There are also charity programs and financial aid offered through many medical facilities. These programs exist to help underinsured patients pay off their medical bills and get the help they need. As long as you have proof of income and provide a bank statement, you should be eligible.
5. File an Appeal with the Insurance Company
When all else fails, file an appeal. Suppose you think that the doctor’s office or hospital isn’t charging you properly. They may also be overcharging you and refusing to negotiate. In that case, it’s time to file a complaint with the health insurance company.
In this case, you should call the doctor’s office or billing department and ask them not to send the bill to collections.
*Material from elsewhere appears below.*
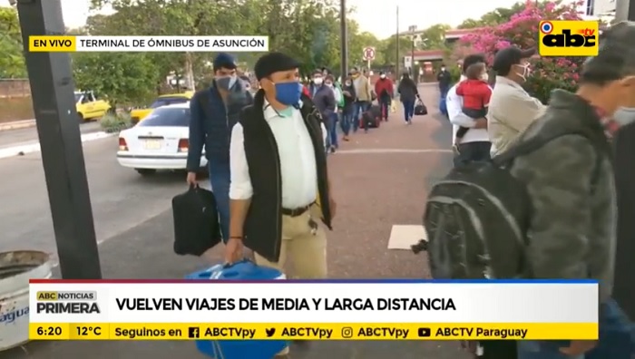 Este lunes se reanudaron los servicios de viajes de corta, mediana y larga distanci con algunas restricciones. Desde muy temprano, largas filas de pasajeros se formaron en la Terminal de Ómnibus de Asunción.

Many bills sent from doctors have a number you can call on the bill if you think you’ve received it in error. Call that number and tell them you’re appealing it, and they should agree not to send it over to collections for a certain amount of time.
How to Avoid Surprise Medical Bills in the Future
Whether you pay the bill or you prove that you’ve been wrongfully charged, you want to prevent surprise medical bills in the future. Here are some steps you can take.
Understand your Preventative Care and Medical Billing Codes
Before consenting to a procedure or test from a doctor, make sure your insurance plan covers it. Most preventative care should be covered 100%, and each service comes with its own code. Ask for the code and find out if your insurance covers it.
For example, a procedure such as a mammogram should always be covered no matter what. But, it might not be covered if you’ve already had one that year or are going to a facility not covered under your insurance.
Don’t Be Afraid to Shop Around
Even if you trust your doctor, it may be in your best interest to consider other options when facing an expensive procedure or test. While the doctor may recommend a specific facility, you may have other options.
In-network bills and care are always more affordable, and you’ll likely receive the same level of care. The out-of-network cost is likely not worth it, even if your doctor recommends and out-of-network facility.
Medical prices are different across the board, and you may be able to find a doctor who will perform the same procedure for less money if you look.
Watch Out for Facility Fees
A good example of a facility fee is when a pregnant woman visits an OB/GYN that’s based out of a hospital. That hospital might not employ the doctor; instead, he/she is using the facility to practice medicine.
As a result, the hospital will charge the patient “facility fees” because the doctor was borrowing their instruments and space for the appointment.
Have an Emergency Plan
Having an emergency plan in place can make last-minute decisions a bit easier, and you’ll be able to protect your financial future in the event of a medical emergency. Ambulance rides can cost thousands of dollar. Fortunately, you can call your local ambulance companies and find out if they’re in-network.
If you’re in a hospital and you have to travel from one facility to the other via ambulance ride, make sure the person in your care (or you) knows to ask for an in-network ambulance. It should only take a few seconds to figure out.
Surprise medical bills can be both frustrating and frightening. These bills can amount to thousands of dollars, and if you don’t pay them, they’ll ruin your credit and make life more difficult for years to come.
It’s important to remember is that the health care system will not look out for you. You need to look out for yourself when dealing with insurance companies, hospitals, and medical facilities.
Make sure you’re staying in-network, don’t be afraid to negotiate health care costs using independent dispute resolution, never pay anything you don’t understand, and always have a plan.